Statistical Learning vs Machine Learning
There is a subtle difference between statistical learning models and machine learning models.
Statistical learning involves forming a hypothesis before we proceed with building a model. The hypothesis could involve making certain assumptions which we validate after building the models.
For example, let us consider Linear Regression(LR) which is an example of a statistical model. While building a LR model, a set of 3 assumptions are made.
- All the residuals follow a normal distribution around the mean.
- The attributes in the dataset are all independent.
- There is homoscedasticity in the data.
The model is assumed to take form, Y= b1 + b2X. So, we finally end up with an equation of precisely this form, b1 and b2 being the unknown coefficients.
With the assumptions regarding the model and the type of equation being made, a cost function is calculated and minimized using methods like gradient descent and thus we finally arrive at a LR model and diagnose our model if the assumptions we made are followed by the data.
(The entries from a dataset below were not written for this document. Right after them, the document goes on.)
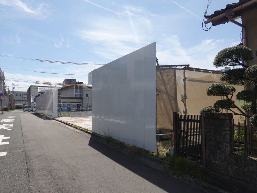 南側です。仮囲いを設置しています。
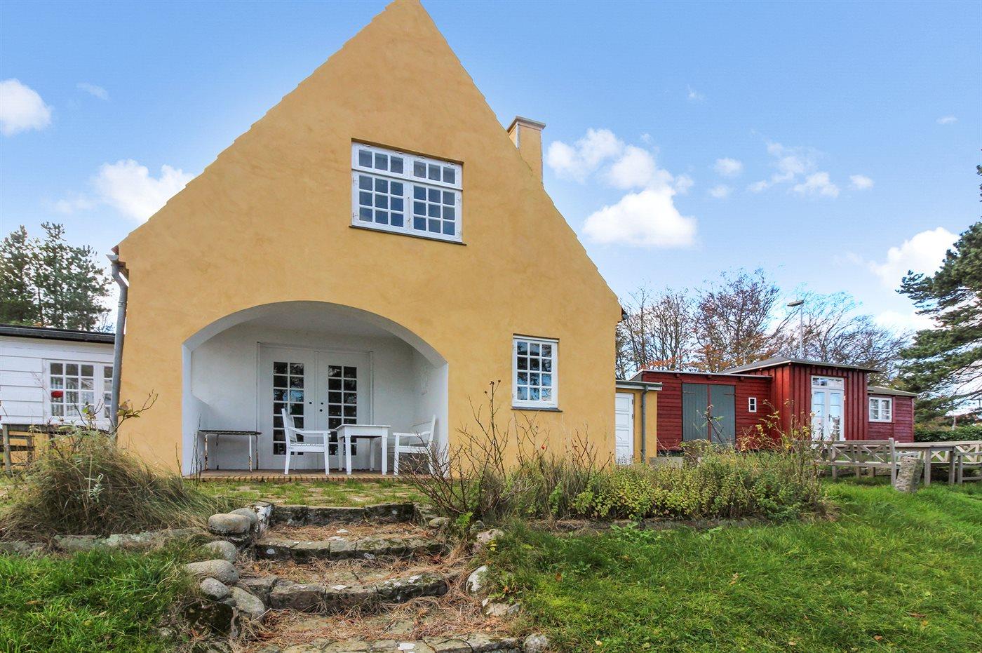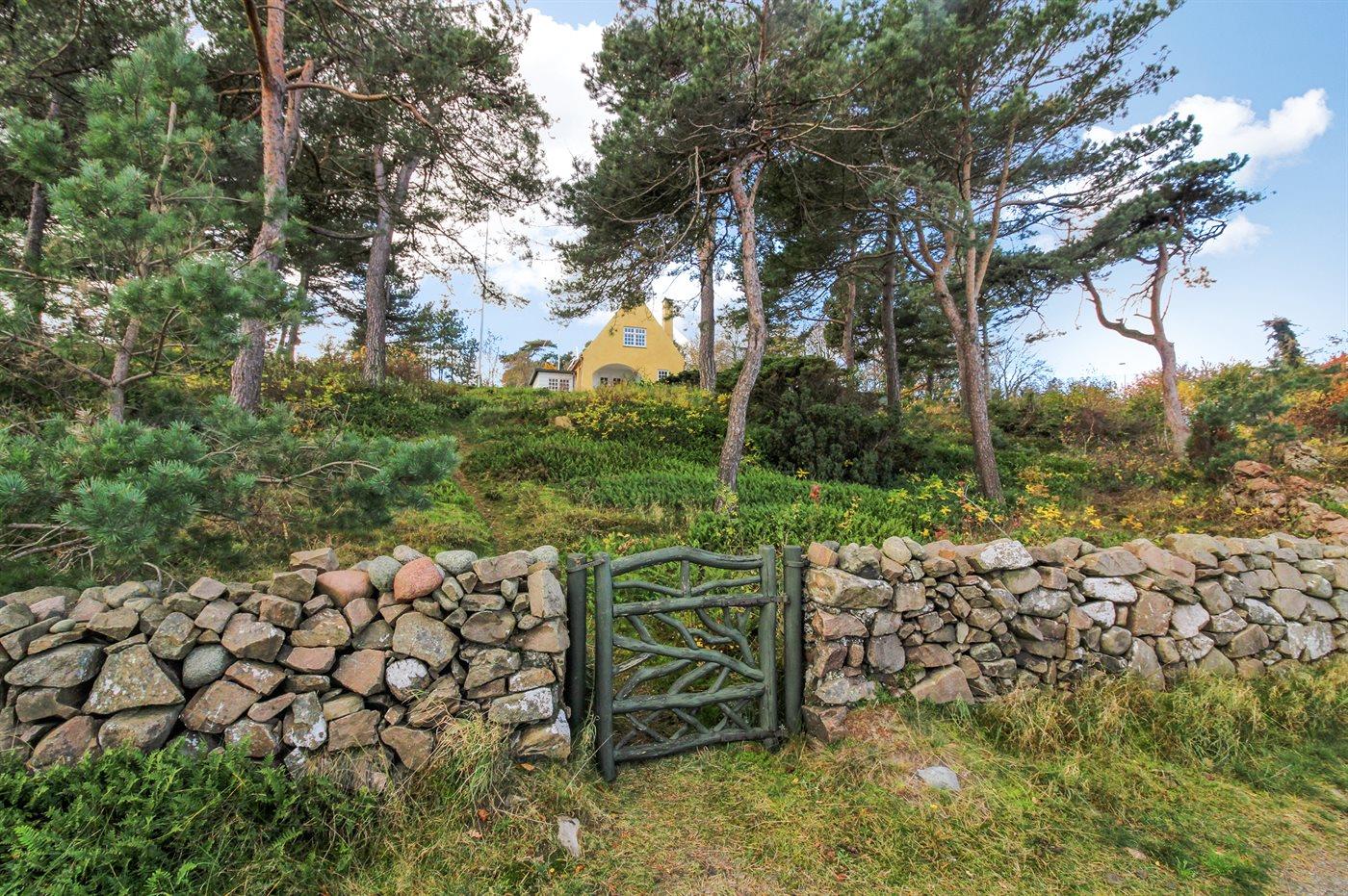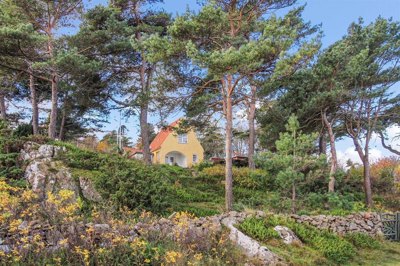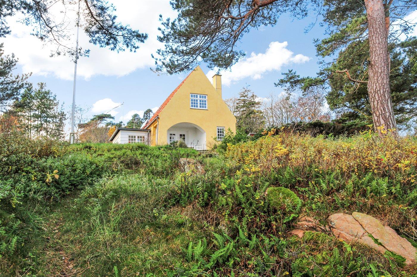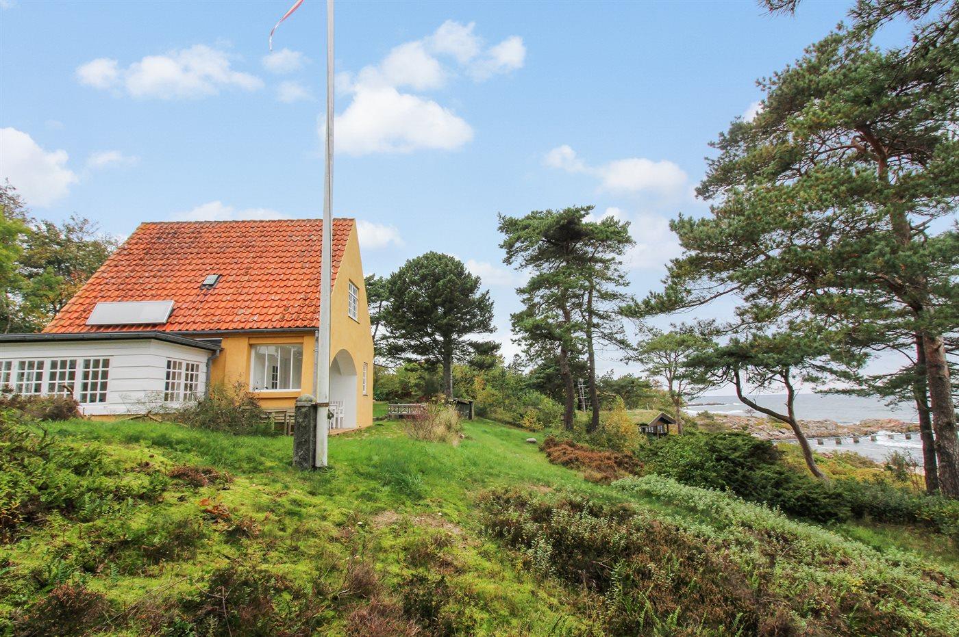 Charmantes Ferienhaus an der Felsenküste mit Meerblick und überdachter Terrasse in Allinge, Dänemark.
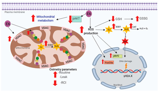 Integrative scheme. E6 oncoproteins from human papillomavirus type 16 (HPV16) and 18 (HPV18) decrease the levels of serine 473 phosphorylated-protein kinase B (pAkt), favoring the mitochondrial oxygen consumption and mitochondrial mass increase. E6 increases basal respiration (Routine), respiration leak and mitochondrial decoupling, while respiratory control index (RCI) significantly decreases, which could be associated to the increase in reactive oxygen species (ROS), oxidative stress (OS), and deoxyribonucleic acid (DNA) damage. Superoxide dismutase (SOD), catalase (CAT), glutathione (GSH), glutathione disulfide (GSSG), voltage-dependent anion channels (VDAC), superoxide anion (O2.−), hydrogen peroxide (H2O2), hydroxyl radical (OH.−), nuclear factor (erythroid-derived 2)-like 2 (Nrf2) phosphorylated in serine 40 (pNrf2), forkhead box O3 (FoxO3a), gamma H2A histone family member X (γH2AX), and mitochondrial complexes I to V (CI, CII, CIII, CIV, CV).The yellow ray indicates damage to DNA.

If the assumptions are not fulfilled, we reject the initial hypothesis and start over again.
So, our initial hypothesis certainly plays an important role in the case of statistical learning models.
But, in the case of machine learning(ML) models, we directly run the ML algorithms on the model, thus allowing the data to speak out instead of directing it in a certain direction with our initial hypothesis/assumptions.
For example, while building a decision tree/random forest, we assume no hypotheses and directly run the algorithms. The ML algorithm returns the crucial features and their importance. Here, we are not setting up any hypotheses which might affect our final model. The model totally learns the data without any user imposed conditions.
Thus, the machine learning models are said to be flexible in nature, because the user doesn't intervene in telling a model how to build an equation/classifier and thus learning the data better!